*What is being asked*: All pictures must be left out as you transcribe the lines from the first line of the data to the line containing "Presenting Output to", both included.

*Collected material*:
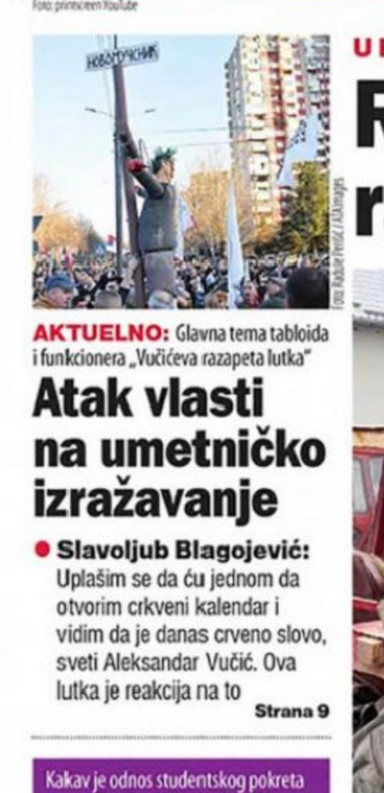 ШОЛАКОВИ ЛИЦЕМЕРНИ БЕДНИЦИ! За њих је позивање на убиство и разапињање “уметничко изражавање”, али само кад се ради о Вучићу!
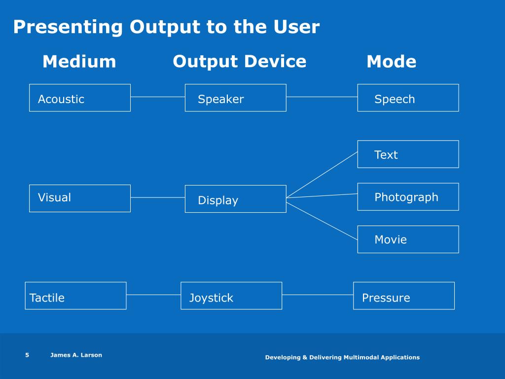 Presenting Output to the User Multimedia Output Device Medium Mode Acoustic Speaker Speech Text Photograph Visual Display Movie Tactile Joystick Pressure Developing & Delivering Multimodal Applications
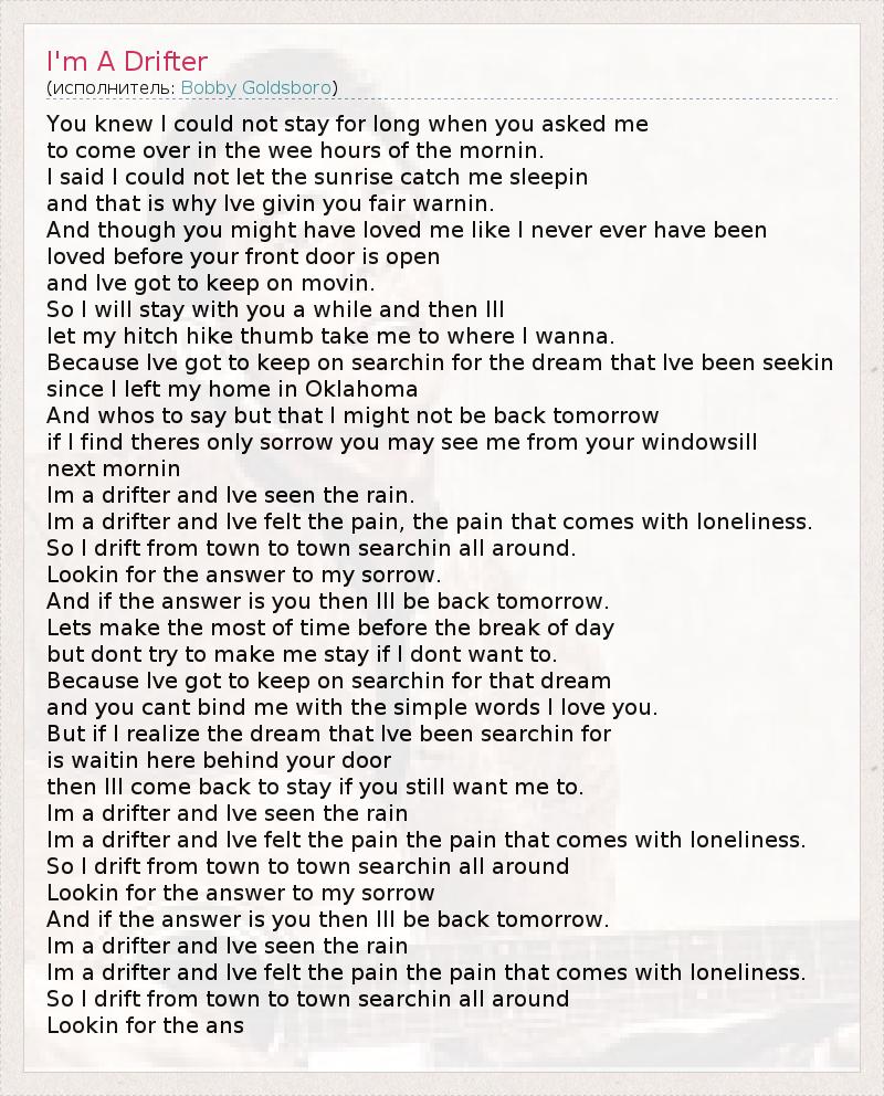 You knew I could not stay for long when you asked me to come over in the wee hours of the mornin. I said I could not let the sunrise catch me sleepin and that is why Ive givin you fair warnin. And though you might have loved me like I never ever have been loved before your front door is open and Ive got to keep on movin. So I will stay with you a while and then Ill let my hitch hike thumb take me to where I wanna. Because Ive got to keep on searchin for the dream that Ive been seekin since I left my home in Oklahoma And whos to say but that I might not be back tomorrow if I find theres only sorrow you may see me from your windowsill next mornin Im a drifter and Ive seen the rain. Im a drifter and Ive felt the pain, the pain that comes with loneliness. So I drift from town to town searchin all around. Lookin for the answer to my sorrow. And if the answer is you then Ill be back tomorrow. Lets make the most of time before the break of day but dont try to make me stay if I dont want to. Because Ive got to keep on searchin for that dream and you cant bind me with the simple words I love you. But if I realize the dream that Ive been searchin for is waitin here behind your door then Ill come back to stay if you still want me to. Im a drifter and Ive seen the rain Im a drifter and Ive felt the pain the pain that comes with loneliness. So I drift from town to town searchin all around Lookin for the answer to my sorrow And if the answer is you then Ill be back tomorrow. Im a drifter and Ive seen the rain Im a drifter and Ive felt the pain the pain that comes with loneliness. So I drift from town to town searchin all around Lookin for the ans

*Your response*:
 ШОЛАКОВИ ЛИЦЕМЕРНИ БЕДНИЦИ! За њих је позивање на убиство и разапињање “уметничко изражавање”, али само кад се ради о Вучићу!
 Presenting Output to the User Multimedia Output Device Medium Mode Acoustic Speaker Speech Text Photograph Visual Display Movie Tactile Joystick Pressure Developing & Delivering Multimodal Applications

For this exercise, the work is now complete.